I built up a wiring plan for the new disk driver role extension board, the one that will go to Al Kossow for use in archiving Alto cartridges. This involved signal assignments to various level shifter components and careful recording of the IDC40 pins for each signal.

I am more and more convinced that I need an easy way to display or extract the checksum error status bits that reflect whether a checksum verifiction error occured in each of the three records in each of the sectors. With 4, 872 sectors and three records apiece, it is far more information that I can readily display with the LEDs and seven-segment displays on the fpga board.

I had hoped to record some of the status on the VGA display, although even here there is no reasonable way to display 14, 616 separate status bits on a single screen, yet be able to see where the errors occured.

With 8 lights per seven-segment display, four digits of those, and eight separate LEDs, I could display only 40 bits of data at a time, needing to cycle through that 366 times to see the entire cartridge results.

I have a switch option to stop on the first error during the ReadEntireCartridge function, allowing me to potentially run with stops for each bad sector.
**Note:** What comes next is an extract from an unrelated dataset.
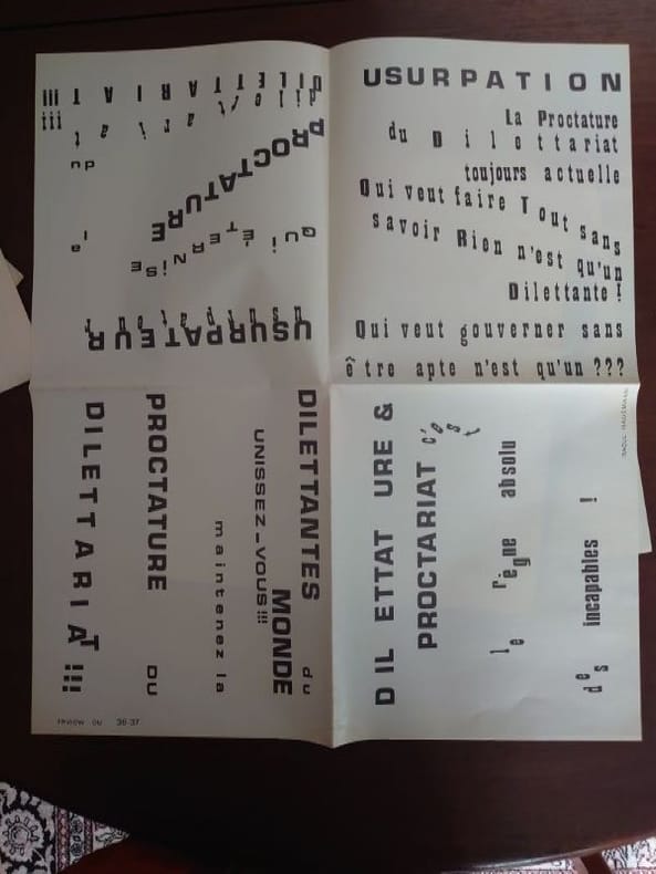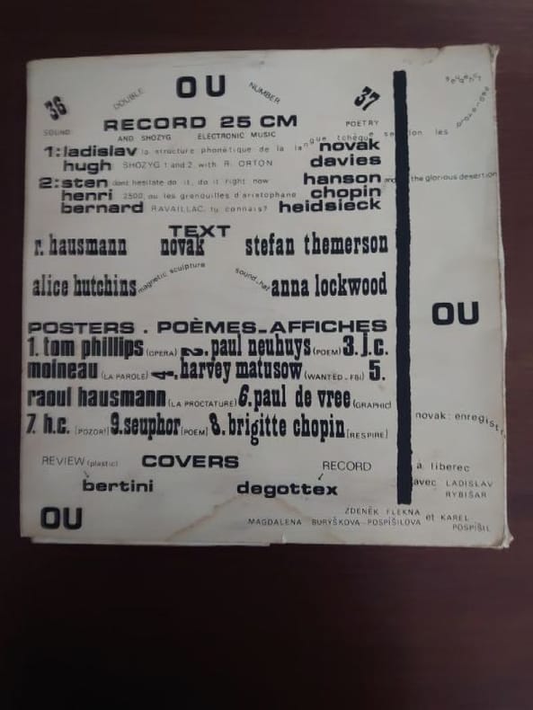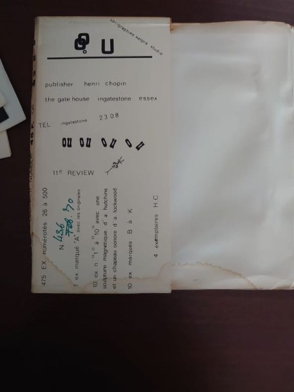 1973 Henri Chopin, The Gate house Ingatestone, 1970. 27 x 27, en feuilles sous chemise imprimée verso, et recto relief en plastique thermoformé (troué), 24 x 24 cm. Contient : un disque vinyle 33 tours, gardé dans papier cristal d'origine. Face A : Ladislav Novak, Hugh Davies. Face B : Sten Hanson, Henri Chopin, Bernard Heidsieck. Contient de plus des oeuvres graphiques ou textes de R. Hausman, Novoak, Stefan Themerson, Alice Hutchins, Anna Lockwood, Tom Philips, Harvey Matusow, Paul de Vree, Pozor, Brigitte Chopin.ATTENTION. Manque les oeuvres de Paul Nehys, J.C. Moineau et Michel Seuphor.Exemplaire numéroté, tirage limité à environ 500 ex. Chemise usée, trou dans le plastique thermoformé, petites déchirures sur les bords avec quelques rousseurs et mouillures sur la chemise.

I will test this right away, but I think I need a more permanent record anyhow, to go along with the extracted disk files I produce.

My test showed that the logic will stop when one or more of the checksum errors are detected, and will restart with the next sector when the transaction button is pushed again. While doing this, I discovered that some sectors that had been reading clean were now getting errors.

I found some with errors that would read good sometimes, bad sometimes. Others, including sector 0 which I have been using quite a bit, now read bad on all three records and do so consistently. Worried about the condition of the heads and platter, I shut down and inspected.

The disk platter appears superficially good, but I will disassemble it to look more thoroughly. The bottom head is easy to see and looks okay, while the top head is nearly impossible to image clearly with a camera. I applied a hand mirror and both heads look very clean.

Only three possibilities left to explain why S0 might be bad now - one is that the arm is out of alignment and increasing its deviance, which seems unlikely, the other two are that somehow the write gate is turning on and spewing zeroes over the first track, cyl 0 head 0, for all 12 sectors. The latter two may be due to procedural errors.

If it is the latter, I can rewrite the track using the stored image from bitsavers, also debugging my write sector logic, but first I have to figure out what caused the problem and prevent it from ever happening again.

I suppose it could have been procedural, when I used the Adept utility to dump memory with a method that loads its own bitstream to the fpga, overwriting what is there, and resetting the board to run that new logic. If I left the drive spinning when this happened, it could have turned on the write and erase gates, affecting the current cylinder and head.

I will piggyback on the File I/O capability of the Adept utility, adding another set of memory interface registers 16 to 22 which will read out the sector status bits, one byte per sector. I just have to copy, paste and edit the existing logic to create the new functionality. Reading the disk buffer RAM uses registers 8 to 14, with the utility set to 14, thus reading the status vector needs to set the utility to register 22 which is the corresponding mechanism.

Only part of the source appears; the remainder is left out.